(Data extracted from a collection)
↓
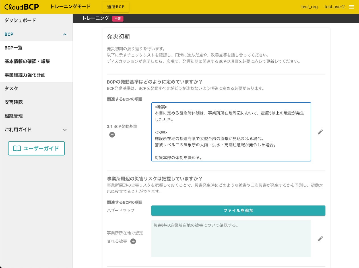 企業の事業継続計画(BCP)の策定・運用をサポートするCloudBCPが、BCPトレーニング(訓練)を実施し、BCPをリアルタイムに改善できる機能を2023年6月19日に正式リリース
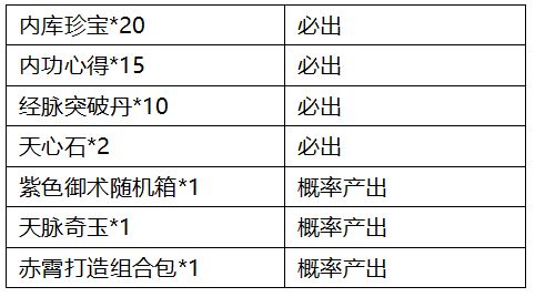 赤霄打造组合包使用后必定获得天脉奇玉*3,并且随机获得以下材料中的一件:玄天寒铁*1、秘银蚕丝*1、天外炙铁*1、广寒乌木*1;
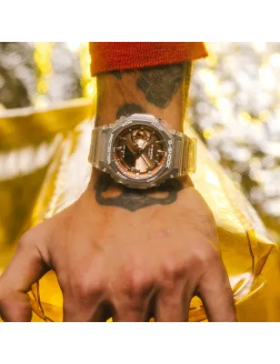 Casio G-Shock GA-2100BM-7A5 CasiOak trasparente con quadrante oro rosa metallizzato. Cassa Carbon Core Guard 45,4mm resistenza urti 20 bar, cronometro centesimi secondo, timer countdown, 5 allarmi, doppia illuminazione LED bianca, calendario automatico 2099, cinturino resina trasparente regolabile, peso 51g.
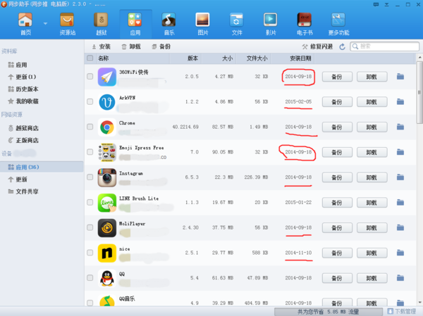 app store只查到什么时候购买过app软件时间,一般查不到你所需要的初次下载时间,因为所有软件都不断更新。不过你可以通过“同步助手”,查询到你下载安装这个软件的最新时间,如图。
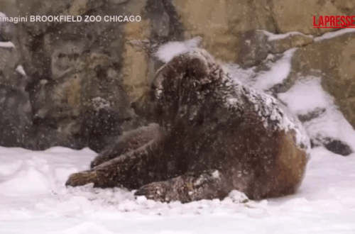 Usa, l’orso bruno Tim si rotola nella neve allo zoo di Chicago
↑
**TASK OBJECTIVE:** The line with "Casio G-Shock GA-2100BM-7A5" and each line after it, through the final line of the data, are to be duplicated exactly, with pictures left out and nothing more included.

**TASK OUTPUT:**
 Casio G-Shock GA-2100BM-7A5 CasiOak trasparente con quadrante oro rosa metallizzato. Cassa Carbon Core Guard 45,4mm resistenza urti 20 bar, cronometro centesimi secondo, timer countdown, 5 allarmi, doppia illuminazione LED bianca, calendario automatico 2099, cinturino resina trasparente regolabile, peso 51g.
 app store只查到什么时候购买过app软件时间,一般查不到你所需要的初次下载时间,因为所有软件都不断更新。不过你可以通过“同步助手”,查询到你下载安装这个软件的最新时间,如图。
 Usa, l’orso bruno Tim si rotola nella neve allo zoo di Chicago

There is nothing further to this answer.